HOW TO COMPLETE THIS TASK -> Only these lines, please: the first one of the records through the one containing "孙院长对高醇芳女士的到来表示", retyped exactly, both ends included and pictures omitted.

DATA PROVIDED ->
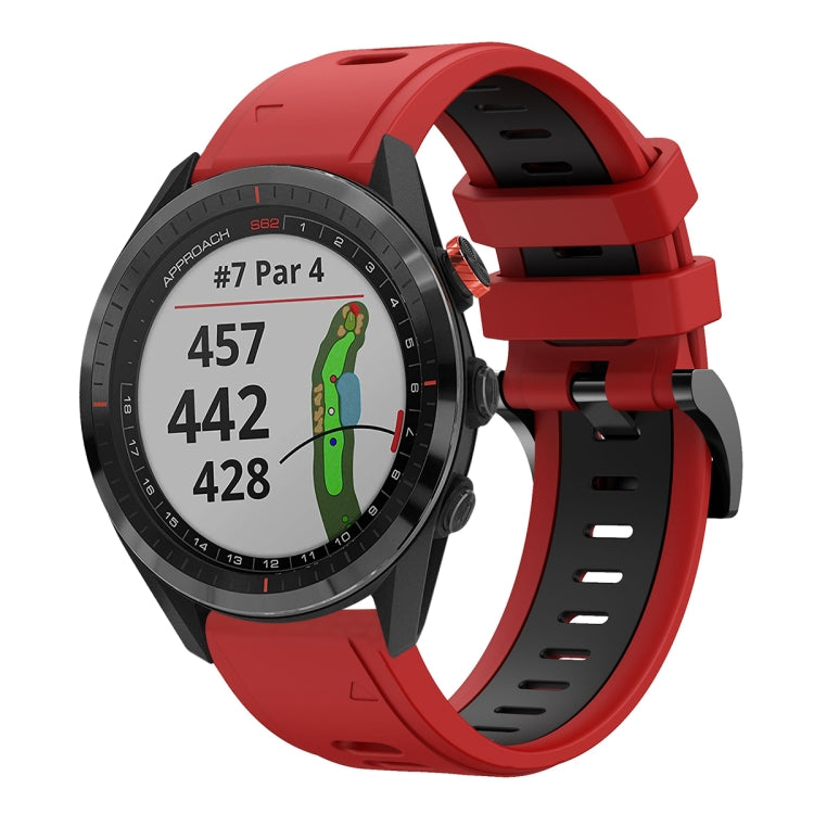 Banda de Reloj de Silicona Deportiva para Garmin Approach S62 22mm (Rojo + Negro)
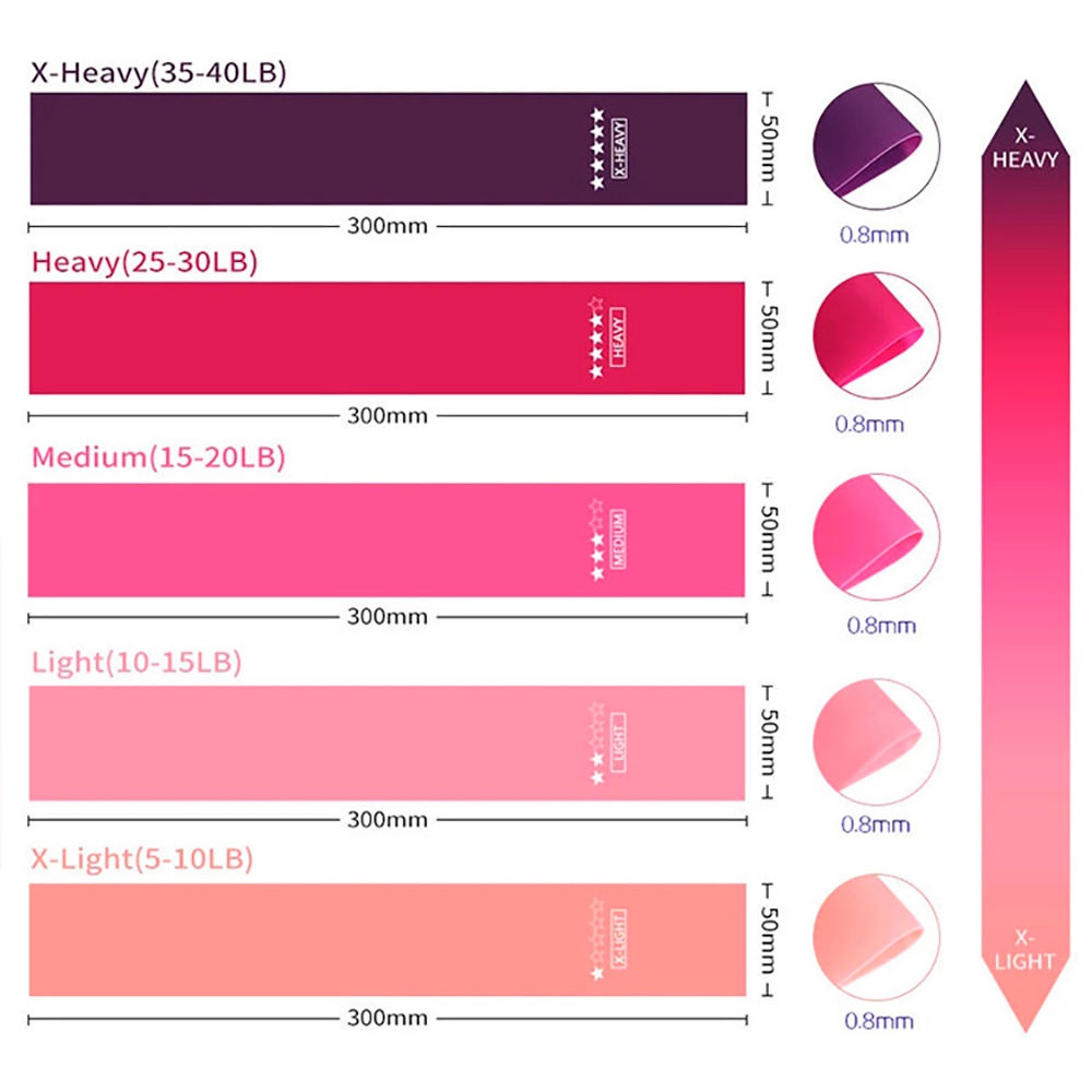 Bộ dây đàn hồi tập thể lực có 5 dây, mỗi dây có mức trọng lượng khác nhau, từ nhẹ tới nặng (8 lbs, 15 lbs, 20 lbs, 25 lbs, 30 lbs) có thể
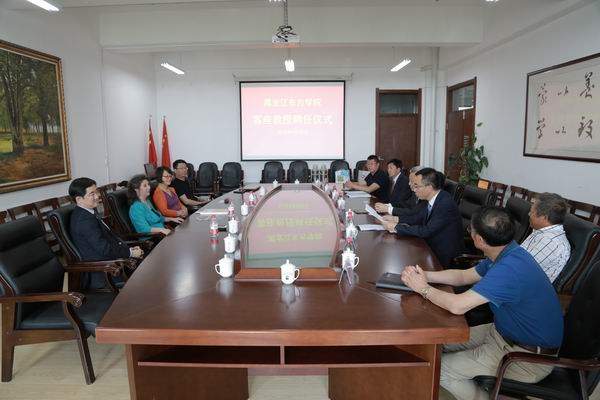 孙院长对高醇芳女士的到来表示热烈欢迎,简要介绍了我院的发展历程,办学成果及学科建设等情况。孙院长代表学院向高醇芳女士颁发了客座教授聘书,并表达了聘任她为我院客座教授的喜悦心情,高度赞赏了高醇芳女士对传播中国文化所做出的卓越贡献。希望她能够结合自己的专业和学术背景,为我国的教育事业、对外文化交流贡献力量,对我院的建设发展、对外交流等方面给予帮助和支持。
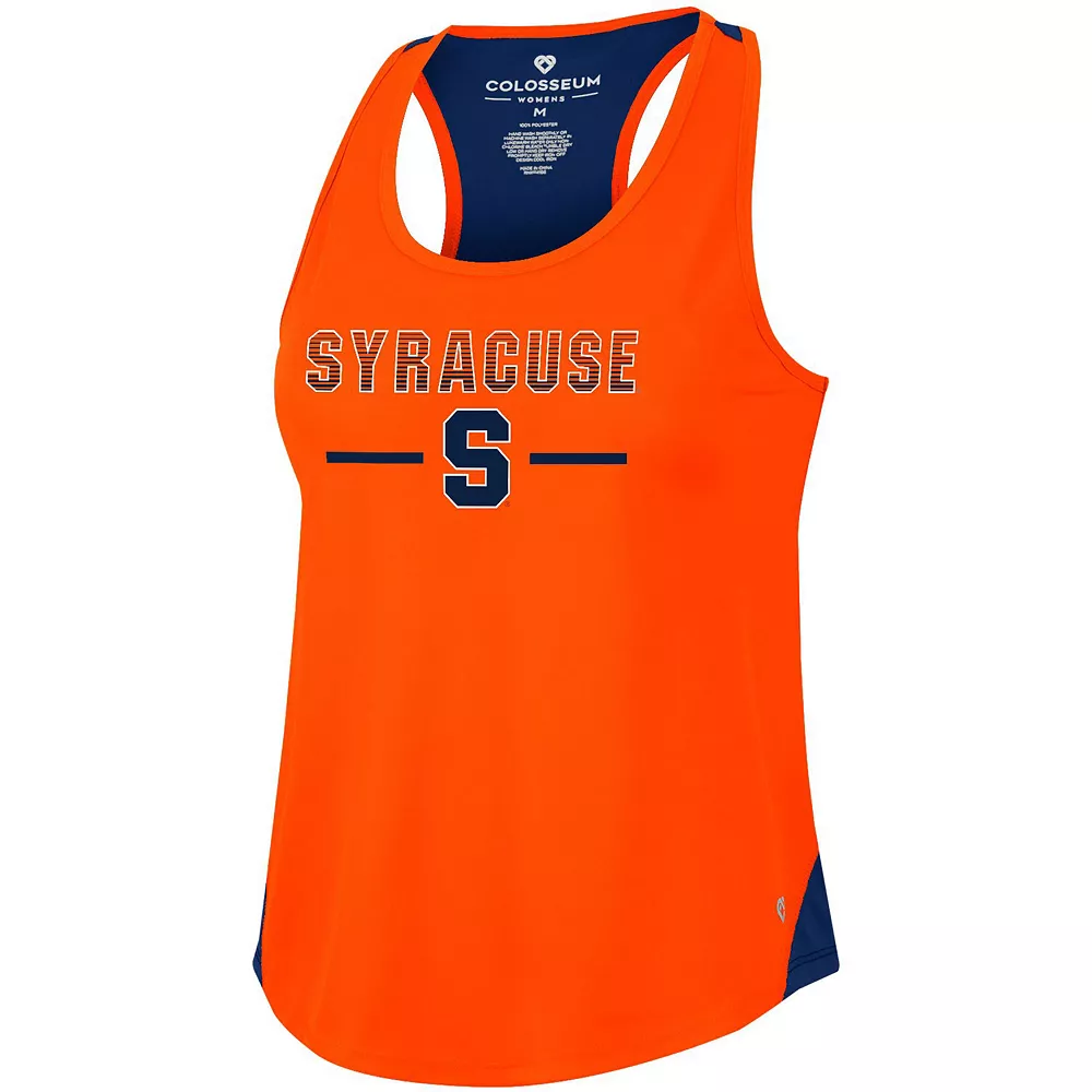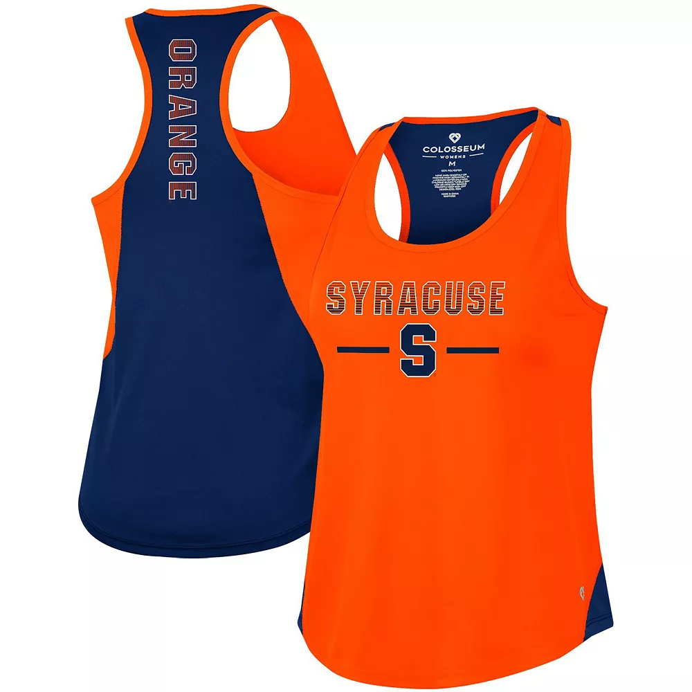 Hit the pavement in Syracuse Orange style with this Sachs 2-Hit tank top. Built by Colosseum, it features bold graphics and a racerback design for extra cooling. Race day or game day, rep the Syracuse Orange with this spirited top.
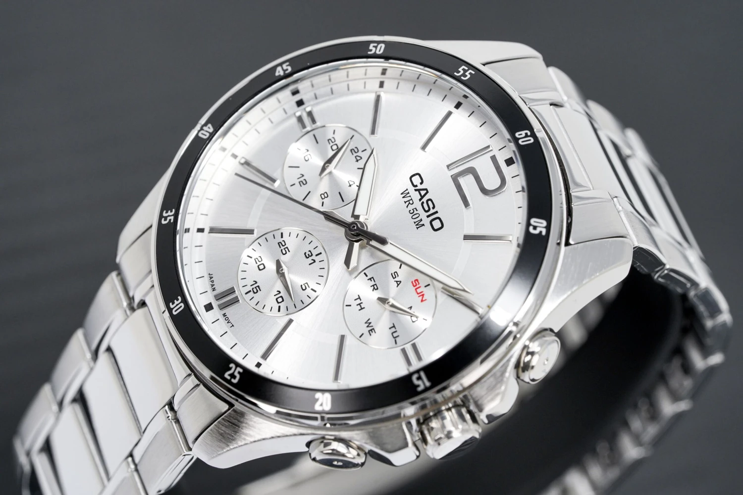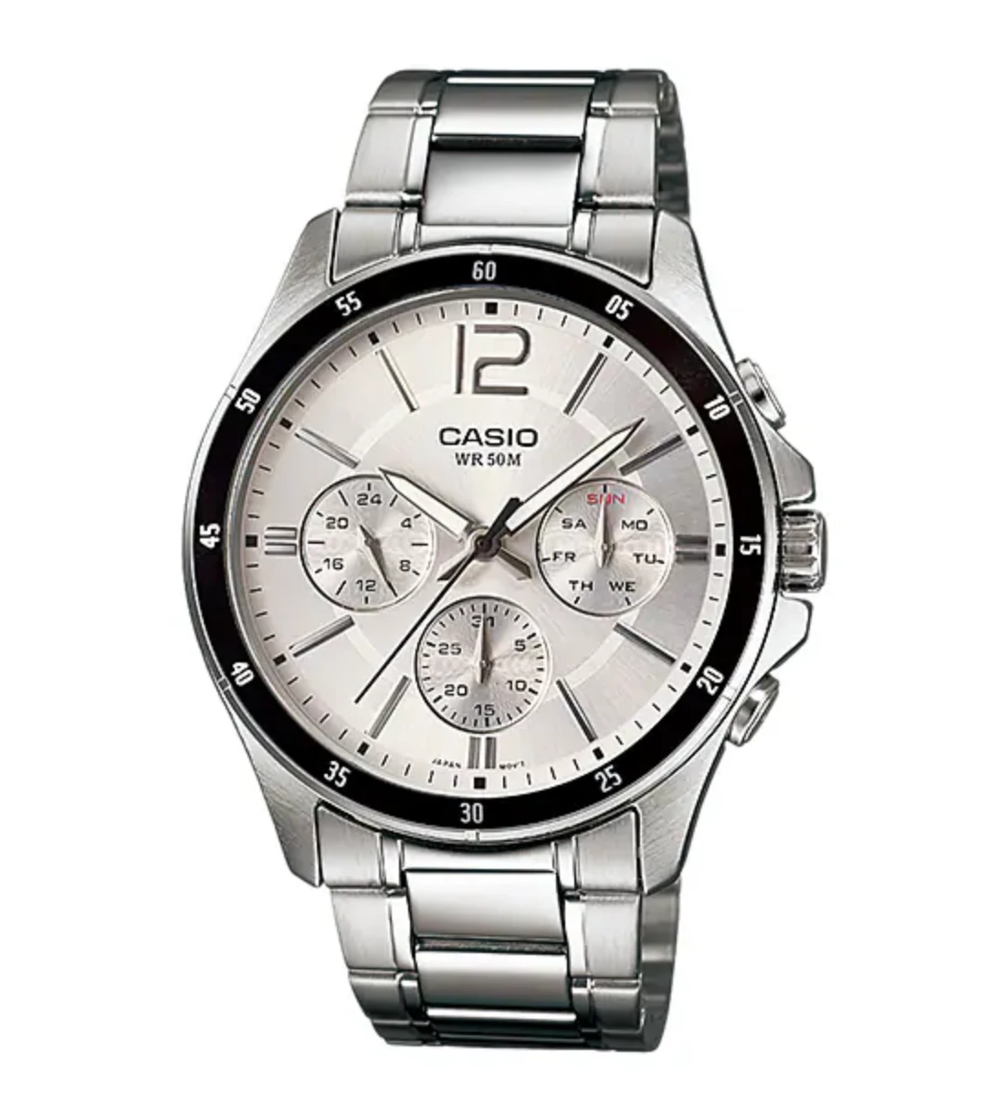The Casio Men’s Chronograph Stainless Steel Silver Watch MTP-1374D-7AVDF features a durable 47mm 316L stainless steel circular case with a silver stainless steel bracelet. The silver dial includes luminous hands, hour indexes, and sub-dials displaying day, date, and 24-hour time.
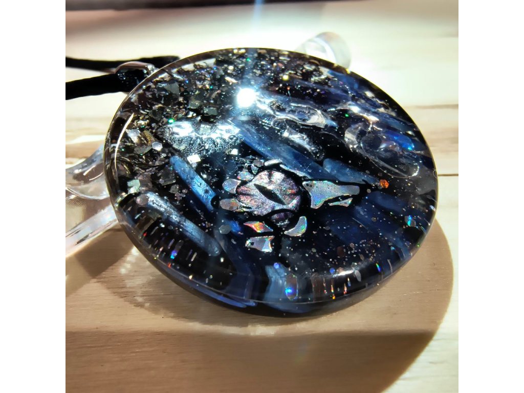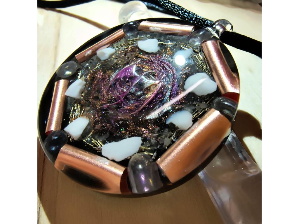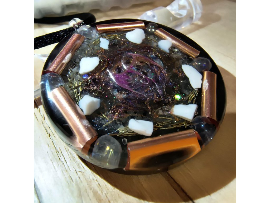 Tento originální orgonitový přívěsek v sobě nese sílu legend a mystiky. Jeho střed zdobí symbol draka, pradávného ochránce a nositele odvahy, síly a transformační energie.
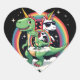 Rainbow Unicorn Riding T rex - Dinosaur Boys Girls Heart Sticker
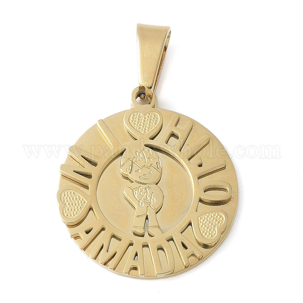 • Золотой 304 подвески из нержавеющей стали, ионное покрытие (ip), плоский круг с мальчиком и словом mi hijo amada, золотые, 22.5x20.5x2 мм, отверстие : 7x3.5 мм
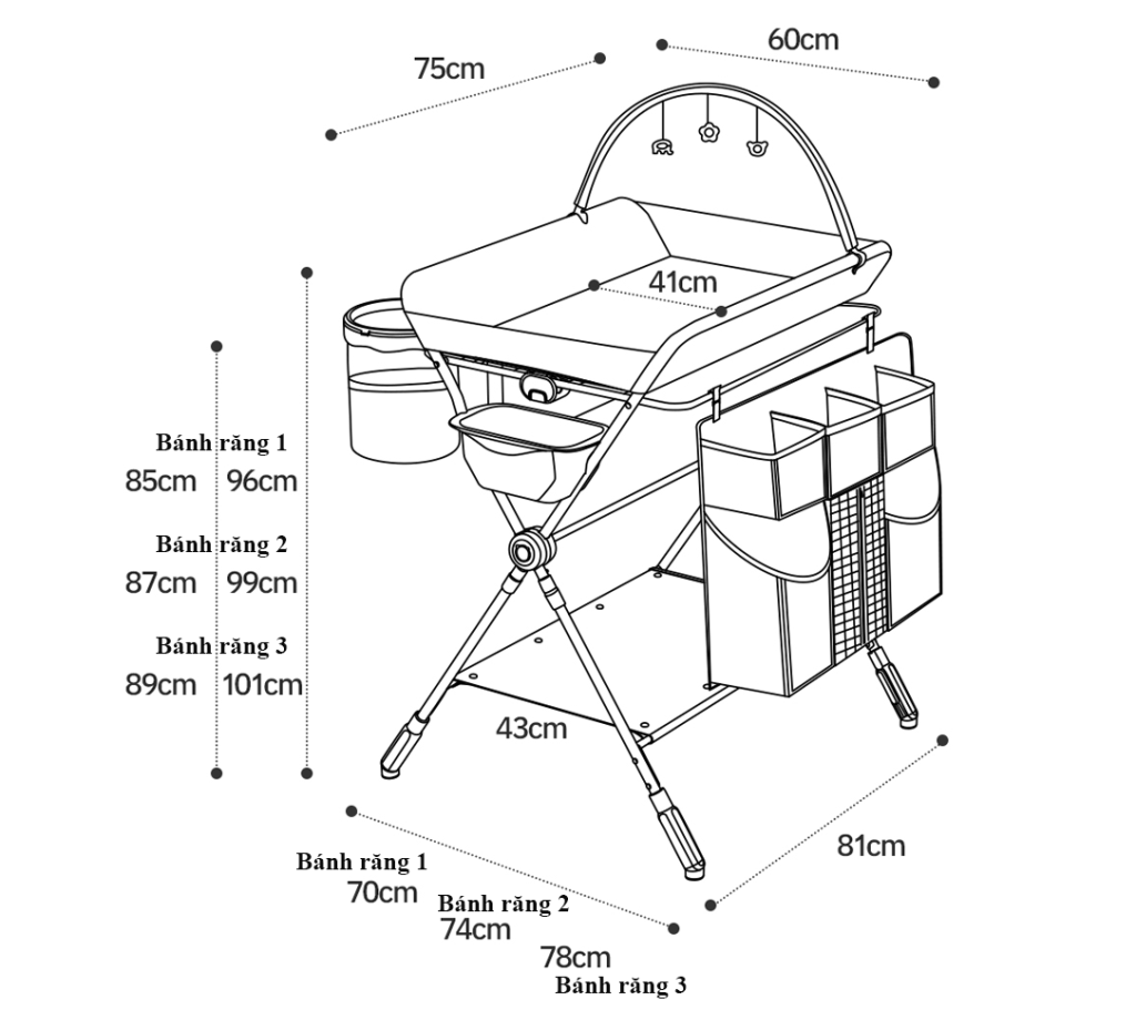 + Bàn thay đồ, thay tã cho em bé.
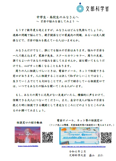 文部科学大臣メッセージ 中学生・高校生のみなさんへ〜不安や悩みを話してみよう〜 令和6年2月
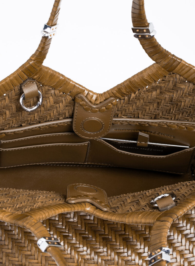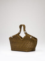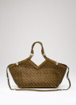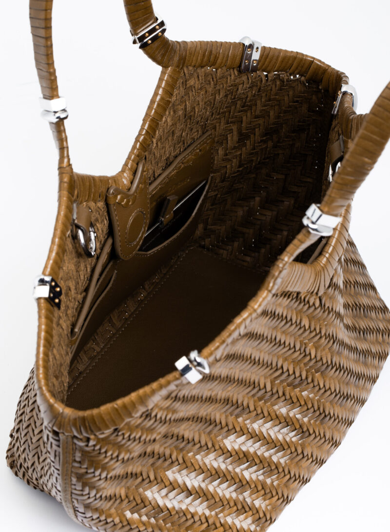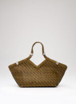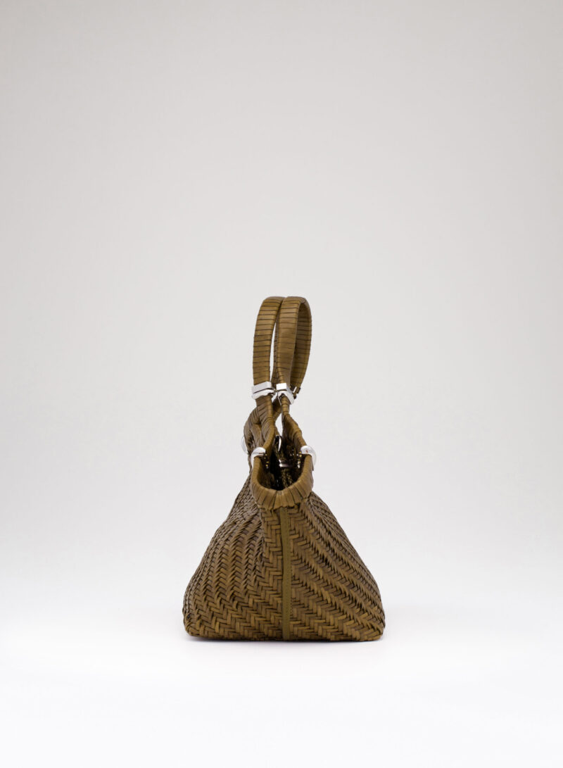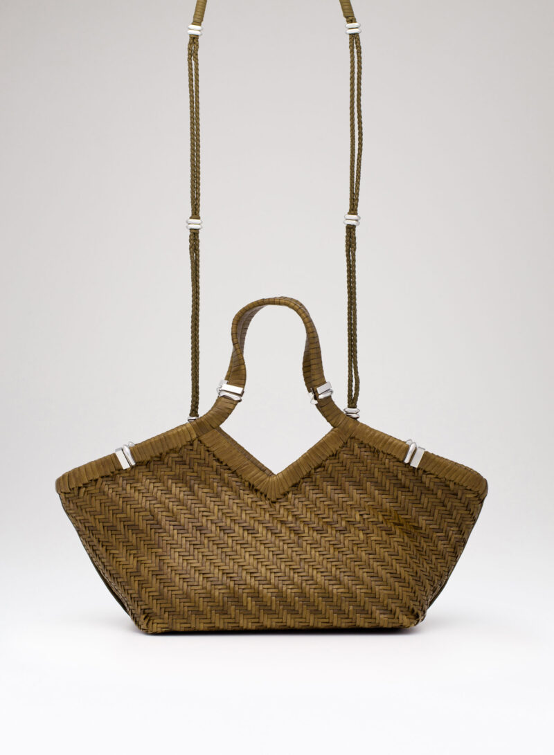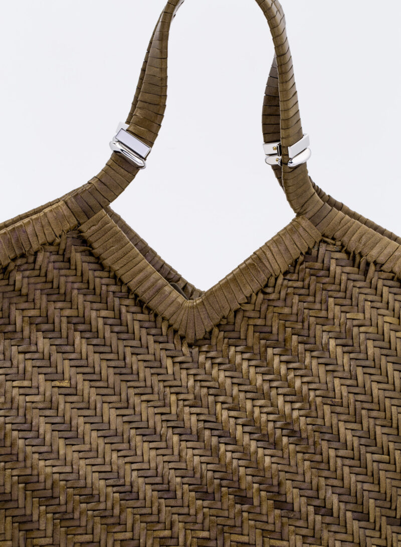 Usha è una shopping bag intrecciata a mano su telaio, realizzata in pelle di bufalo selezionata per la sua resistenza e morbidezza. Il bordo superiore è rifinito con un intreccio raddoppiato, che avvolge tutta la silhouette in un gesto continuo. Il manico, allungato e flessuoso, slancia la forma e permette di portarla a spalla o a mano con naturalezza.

WRITTEN RESPONSE ->
 Banda de Reloj de Silicona Deportiva para Garmin Approach S62 22mm (Rojo + Negro)
 Bộ dây đàn hồi tập thể lực có 5 dây, mỗi dây có mức trọng lượng khác nhau, từ nhẹ tới nặng (8 lbs, 15 lbs, 20 lbs, 25 lbs, 30 lbs) có thể
 孙院长对高醇芳女士的到来表示热烈欢迎,简要介绍了我院的发展历程,办学成果及学科建设等情况。孙院长代表学院向高醇芳女士颁发了客座教授聘书,并表达了聘任她为我院客座教授的喜悦心情,高度赞赏了高醇芳女士对传播中国文化所做出的卓越贡献。希望她能够结合自己的专业和学术背景,为我国的教育事业、对外文化交流贡献力量,对我院的建设发展、对外交流等方面给予帮助和支持。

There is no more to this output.